→ **TRY IT**
Your answer must be the lines of the material below, exactly as written, from its first line through the line with "- Sketch Content: The", and no pictures.

→ **SUPPLIED ENTRIES**
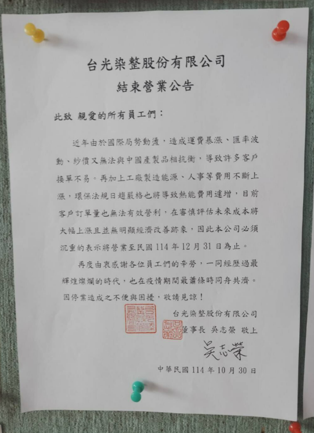桃園市蘆竹區經營逾半世紀的老字號印染企業——台光染整股份有限公司,近日公告將於今年(114年)12月31日結束營業。該公司成立51年,是當地重要傳統產業之一,因國際局勢、成本飆漲與法規壓力等多重因素,最終選擇黯然退場,為傳產轉型困境再添一例。
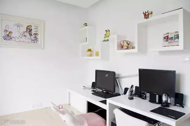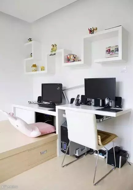 一侧做了写字台可以两人同时上网,墙上的空间也不浪费
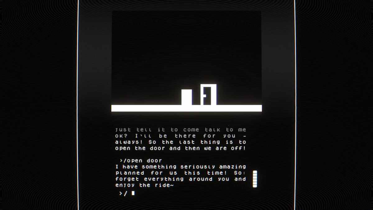 Regardless of what you do, the cipher refuses to go through the door. Or accept any of your commands, for that matter. Meanwhile, the narrator (an on-screen mushroom that helped guide you through the first section) tries to fix things, begging you to distract the cipher in the meantime via conversation, finding ways to make it feel seen and understood, and not just a pawn to be ordered around.
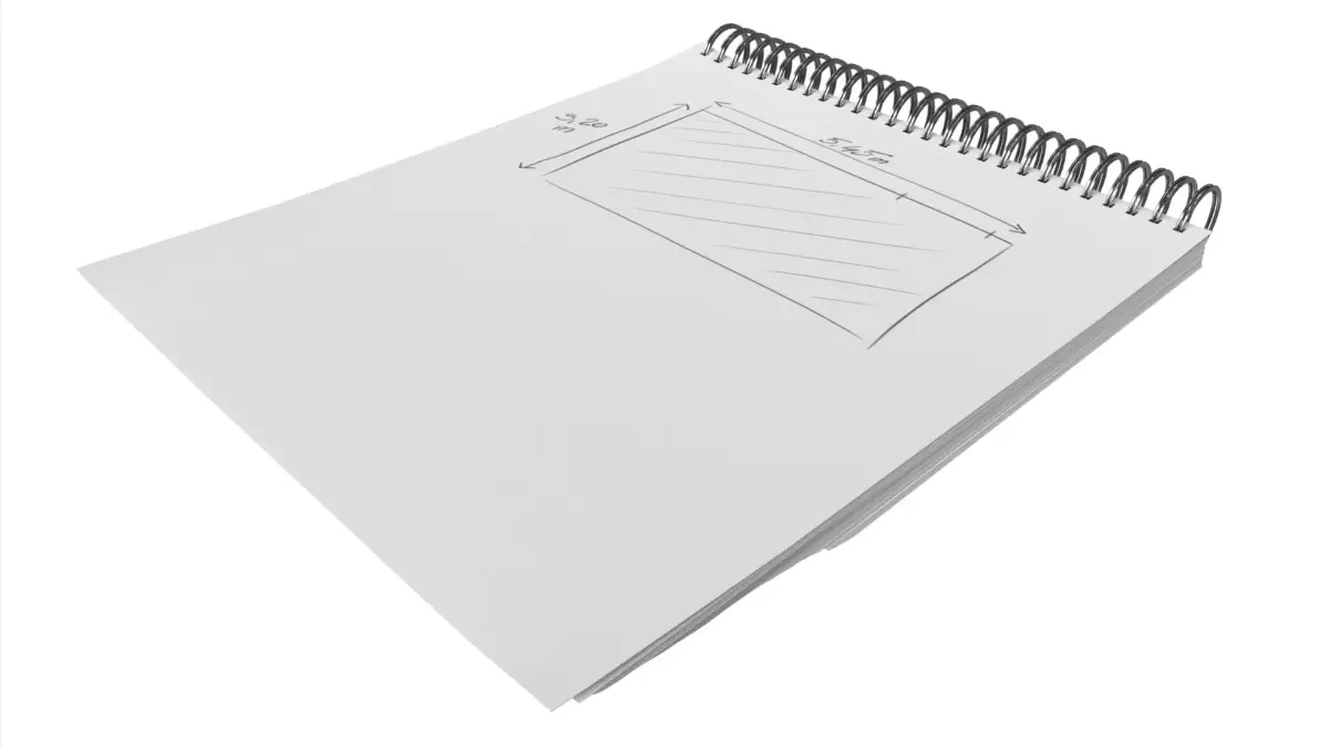 - Sketch Content: The top page features a simple, hand-drawn sketch, resembling a rectangular room or area.
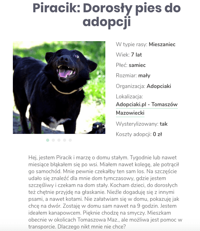 W każdym ogłoszeniu w wyszukiwarce Wamiz znajdziemy szereg informacji na temat danego psa lub kota wraz jego krótkim opisem. Do podstawowych danych zalicza się m.in. imię pupila, jego wiek, rozmiar, lokalizację oraz nazwę organizacji, która za niego odpowiada, a także, czy jest wysterylizowany. Opis sporządzają pracownicy mający ze zwierzęciem kontakt. Zawiera nawyki czworonoga, jego upodobania, dziwactwa oraz historię. Niestety, nie zawsze przyjemną. Koszt takiej adopcji, to... 0 złotych.
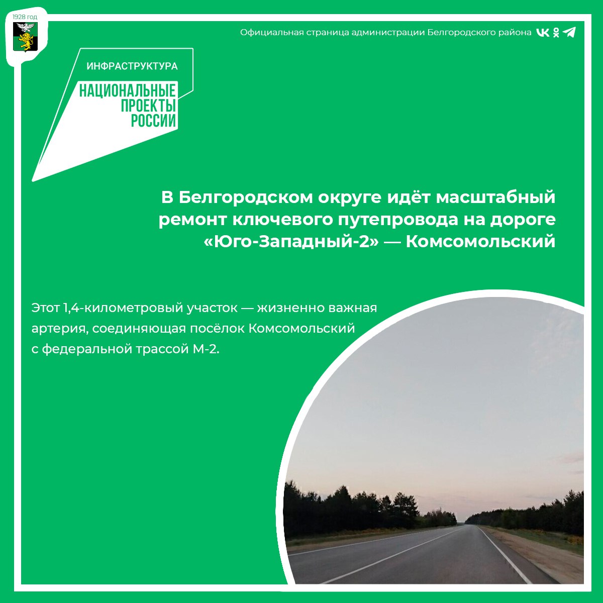 В Белгородском округе идёт масштабный ремонт ключевого путепровода на дороге «Юго-Западный-2» — Комсомольский
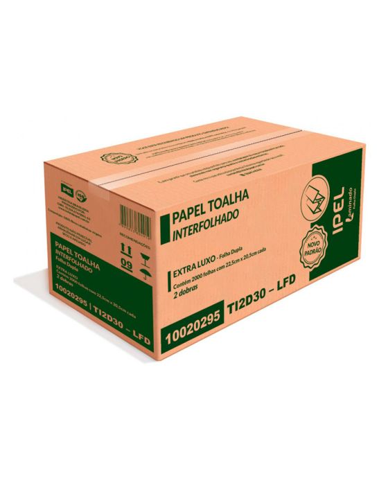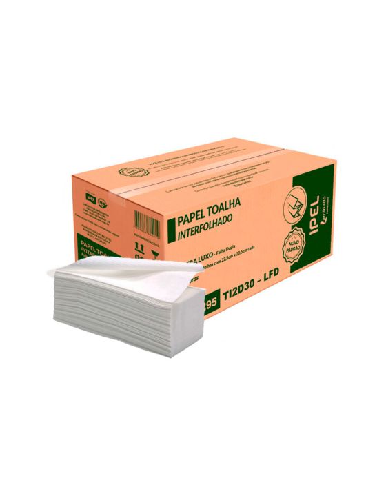 Caracteristicas:O Papel Toalha Interfolhado Folha Dupla Ipel é um papel de alto padrão de qualidade. Proporciona um bom custo x beneficio no uso final do produto.Detalhes:- Marca: Ipel.- Modelo: Interfolhada - 20295.- Linha: Papel toalha.- Tipo: Extra Luxo.- Cor: Branco.- Contém: 8 pacotes c/ 250 folhas cada.- Medidas: 22,5cm x 20,5cm cada.- 100% fibras de celulósicas.Ideal para:- Industrias, restaurantes, empresas e comercio em geral, escolas, Faculdades, orgaos publicos, instituicao privada, clinicas medicas e odontologicas, laboratorios, Hospitais, instituicoes religiosas, etc.Conservação:- Armazenar em lugar seco e arejado.- Produto não perecível.* As especificações podem ser alteradas sem aviso prévio ** Imagem meramente ilustrativa
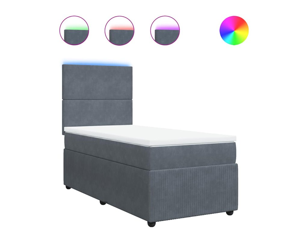 Multidom Posteľný rám boxspring s matracom tmavosivý 80x200 cm zamat

→ **REPLY TO THE TASK**
桃園市蘆竹區經營逾半世紀的老字號印染企業——台光染整股份有限公司,近日公告將於今年(114年)12月31日結束營業。該公司成立51年,是當地重要傳統產業之一,因國際局勢、成本飆漲與法規壓力等多重因素,最終選擇黯然退場,為傳產轉型困境再添一例。
 一侧做了写字台可以两人同时上网,墙上的空间也不浪费
 Regardless of what you do, the cipher refuses to go through the door. Or accept any of your commands, for that matter. Meanwhile, the narrator (an on-screen mushroom that helped guide you through the first section) tries to fix things, begging you to distract the cipher in the meantime via conversation, finding ways to make it feel seen and understood, and not just a pawn to be ordered around.
 - Sketch Content: The top page features a simple, hand-drawn sketch, resembling a rectangular room or area.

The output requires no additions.